San Diego

UC to Cap Out-of-State Enrollment at Flagship Campuses: Report

The University of California will cap out-of-state enrollment at current levels next year for several of its campuses, including Berkeley and Los Angeles, UC President Janet Napolitano told a newspaper on Tuesday.

“It’s good to have a mix of international and out-of-state students on the campuses. That’s the world these students are going to graduate into,” Napolitano told The Sacramento Bee’s editorial board. “The question is how much of a good thing is it, and how much is an appropriate number?”

In November 2014, State Assembly Speaker Toni G. Atkins (D-San Diego) had issued several plans to avoid a UC tuition hike, and one of those ideas was to cap 2014-15 out-of-state enrollment levels.

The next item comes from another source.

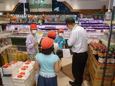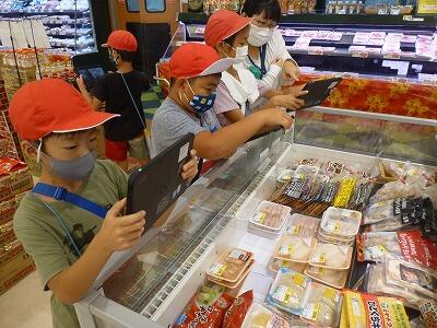 9月17日の事前学習を受けて、21日(火)、3年生は町内のスーパーマーケットである「パントリーけいすけ」さんの見学に行きました。コロナ禍であるため、全ての施設は見学できませんでしたが、店内を中心に、店長さんの話を聞いて学習を開始しました。児童は持参したタブレットで、品物の並べ方、表示の様子を写真に撮ったり、グループごとに店長さんに質問したりしながらお店の様子や働く人の様子などを観察しました。普段も行くことのあるスーパーマーケットですが、新たな発見もあったようです。

The UC system has faced a slew of state budget cuts over the last several years, and so, the entire public university system tried to recruit outside California. Out-of-state undergraduates must pay about $36,000 a year in tuition to attend UC, compared to Californians who pay $13,200, according to the admissions office. 

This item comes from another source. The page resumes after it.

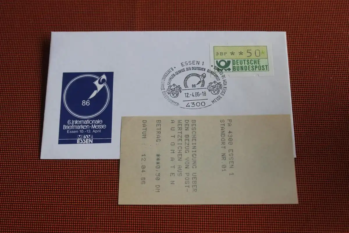 Deutschland ATM Intern. Messe Essen 1986, Brief mit Vignette und Quittung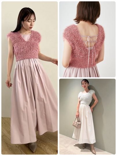 毛足の長いファー調のニットベストとキャミロングワンピースのセット。ウエストにタックを施して、ドラマティックなフレアシルエットにお作りしたワンピースの背中側にはリボンをプラスしてバレエコアな味付けを♡ベストを重ねても、こちらのリボンはしっかり見える仕様です。

But as the Sacramento Bee reported, nonresident enrollment has reached about 15 percent systemwide, and more than 20 percent at the flagship campuses in Berkeley and Los Angeles, the university has come under increasing criticism for squeezing out the students the system was mandated to teach beginning in the 1950s.

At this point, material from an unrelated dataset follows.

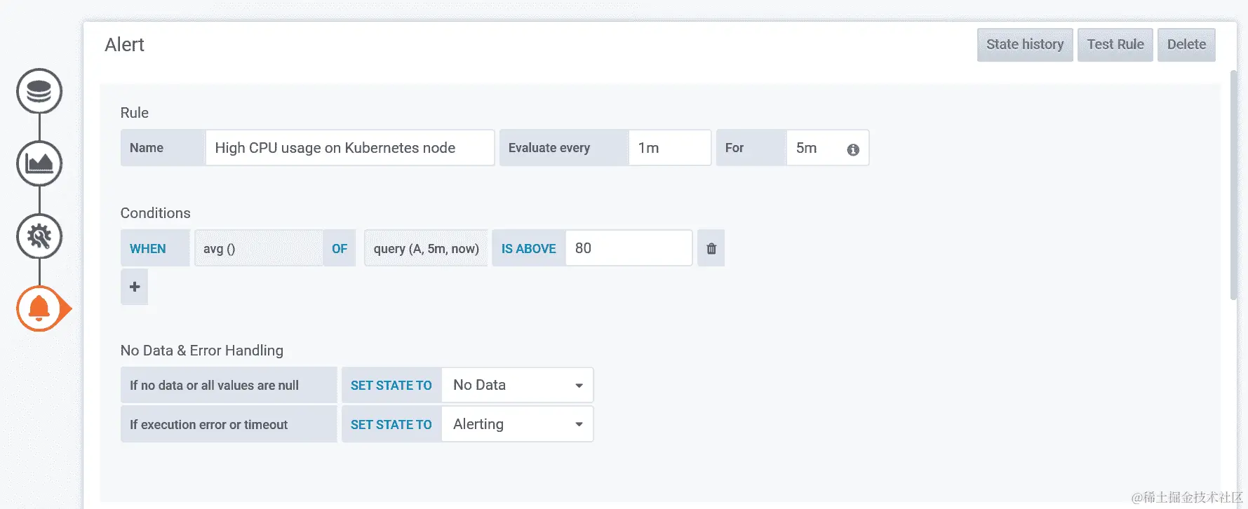 Grafana 除了创建可视化和仪表板外,还能够定义警报规则并向多个渠道发送通知。您可以在官方文档中找到支持的通知渠道列表:grafana.com/docs/grafana/latest/alerting/notifications/。警报与特定的可视化相关联,因此您首先需要为您的用例创建适当的可视化。我们将演示如何在节点上创建高 CPU 使用率的警报。

In January, Gov. Jerry Brown added an out-of-state enrollment cap to his budget proposal that would grant UC a 4 percent increase in state funding. Since then, Napolitano and Brown have met several times as a “committee of two” to discuss the university’s finances and a controversial proposed tuition increase.

As of spring 2015, the University of California has 10 campuses, a combined student body of 238,700 students.